Sizzle Fizzles, Patience Prospers
  • Confusing luck with skill is endemic in investing because the short term and the long term often diverge and investors tend to confuse frequency and severity.
  • “What Matters May Not Be Measured and What Is Measured May Not Matter.” (Albert Einstein)
  • Worse still, frequent measurement of performance is not only futile, it actually proves counterproductive.
  • The ideal scenario is a money manager who has built an investor base with common investment philosophy, time horizon, resolve, and tolerance for underperformance. Only then can a manager maintain the stable capital base required to see his contrarian philosophy through to a successful conclusion.

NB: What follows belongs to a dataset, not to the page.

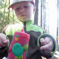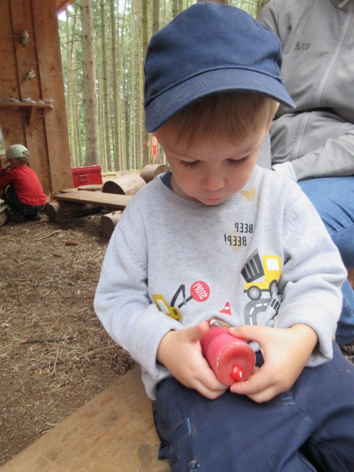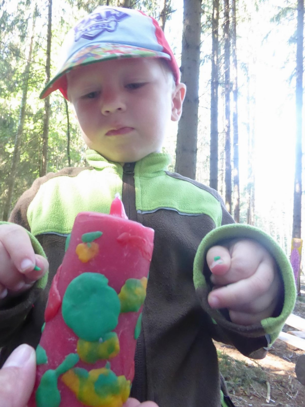 Wie jedes Jahr, darf sich jedes Kind seine eigene Geburtstagskerze selber gießen. Dazu werden Toilettenpapierrollen in Lehm gedrückt, alte Wachsreste geschmolzen und in die Rollen gegossen. Am nächsten Tag knibbeln die Kinder die Papierreste vom ausgehärteten Wachs. Danach kann sich jedes Kind seine eigene Kerze individuell mit verschiedenfarbigen Wachsstücken verzieren. Und schon ist die Kerze bereit für ihren Einsatz.

  • This is about managing expectations rather than managing money.
  • In his book Active Portfolio Management, published in 1995, Ronald Kahn demonstrated through a series of equations that it takes sixteen years’ worth of performance data to prove skill over luck with a high degree (95 per cent) of statistical confidence.
  • I would also seek managers who have been baptized in the school of hard knocks and not given in or given up. It takes character and fortitude, not just calibre and intellect, to succeed in this profession.
  • Often, strategies appear compelling because they are easy to explain and understand, not because they are sound or effective in practice. When launching a new product, it has become easy to impress investors with backtesting statistics that predict high-performance potential. That kind of statistical evidence can seem very convincing but be careful. It may be none other than fanciful data mining that fails in practice because implementation costs are too high, or the targeted inefficiency is so small that it is unlikely to produce any meaningful returns. Evaluating skills and capability has predictive power; looking at historical performance does not.
  • Leverage turbocharges performance in a bull market but decimates it in a bear market.
  • However, exactly when the opportunity to make money is highest, investor interest is lowest. An out-of-favour asset class, sector, geography, or stock offers rich pickings for those who are willing to be contrarian. 
North Star
  • Conducting differentiated research to identify what is misunderstood and therefore mispriced by the consensus. 2. Taking advantage of excessive pessimism that focuses unduly on negative developments in the near term while ignoring what can go right in the long term. 3. Investing countercyclically to other people’s investment appetite when the sentiment swings from greed to fear or reverence to repulsion. 4. Looking at pockets of the market suffering from sheer neglect. 5. Arbitraging differing time horizons, taking advantage of people’s inability or unwillingness to think long term.
  • Whenever investors pursue a fad or a fetish, there is usually money to be made by looking at the opposite end of the spectrum.
A Special Message from Me to You
  • Everywhere, I encountered people, practices, and cultures that seemed vastly different from one another. But on reflection, what my travels really revealed is not how different we are, but how similar: the same aspirations, if not the same ideals; the same values, even if not the same religion; the same basic human needs, wants, emotions, and vulnerabilities, even if expressed in different forms.
  • However, in most situations, in-depth analysis or painstaking rigour is simply overkilled.